Medication Errors and Adverse Drug Events (ADEs) in Ambulatory Pediatrics

The recruitment status of this study is unknown because the information has not been verified recently.
Verified September 2005 by Agency for Healthcare Research and Quality (AHRQ).
Recruitment status was  Recruiting
Sponsor:
Collaborators:
Brigham and Women's Hospital
Children's Hospital Boston
The Commonwealth Fund
Information provided by:
Agency for Healthcare Research and Quality (AHRQ)
ClinicalTrials.gov Identifier:
NCT00229671
First received: September 28, 2005
Last updated: NA
Last verified: September 2005
History: No changes posted
  Purpose

The purpose of this study is to determine the rates of medication errors in pediatric outpatients in 6 office practices.

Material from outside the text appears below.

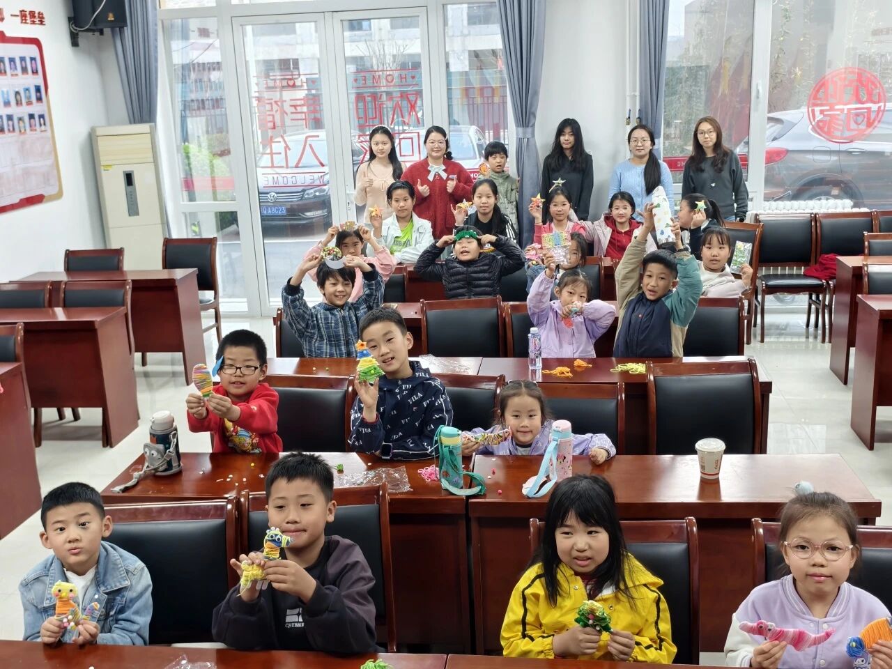 创作过程中,社工全程巡回支持,重点关注羞怯组员,给予低干扰陪伴与协助;鼓励组内轻量互动,引导孩子们互相分享创作灵感与手法。指尖穿梭于毛线之间,压力与烦躁在重复缠绕的动作中慢慢消解,不少孩子边创作边与同伴交流,现场氛围温暖而治愈。

Further, we wish to determine the effectiveness of a computerized physician order entry (CPOE) system in reducing errors.


Condition Intervention
Pediatric Patients With a Variety of Medical Conditions.
Device: Computerized Physician Order Entry

Study Type: Interventional
Study Design: Allocation: Non-Randomized
Endpoint Classification: Safety/Efficacy Study
Intervention Model: Parallel Assignment
Masking: Open Label
Primary Purpose: Prevention
Official Title: Ambulatory Medication Errors and Adverse Drug Events (ADEs) in Pediatrics

Resource links provided by NLM:


Further study details as provided by Agency for Healthcare Research and Quality (AHRQ):

Primary Outcome Measures:
  • Medication Errors
  • Adverse Drug Events

Estimated Enrollment: 30000
Study Start Date: September 2001
Estimated Study Completion Date: July 2005
Detailed Description:

This study has the following 2 goals:

Aim 1: To determine the rates, types, and predictors of medication errors and ADEs.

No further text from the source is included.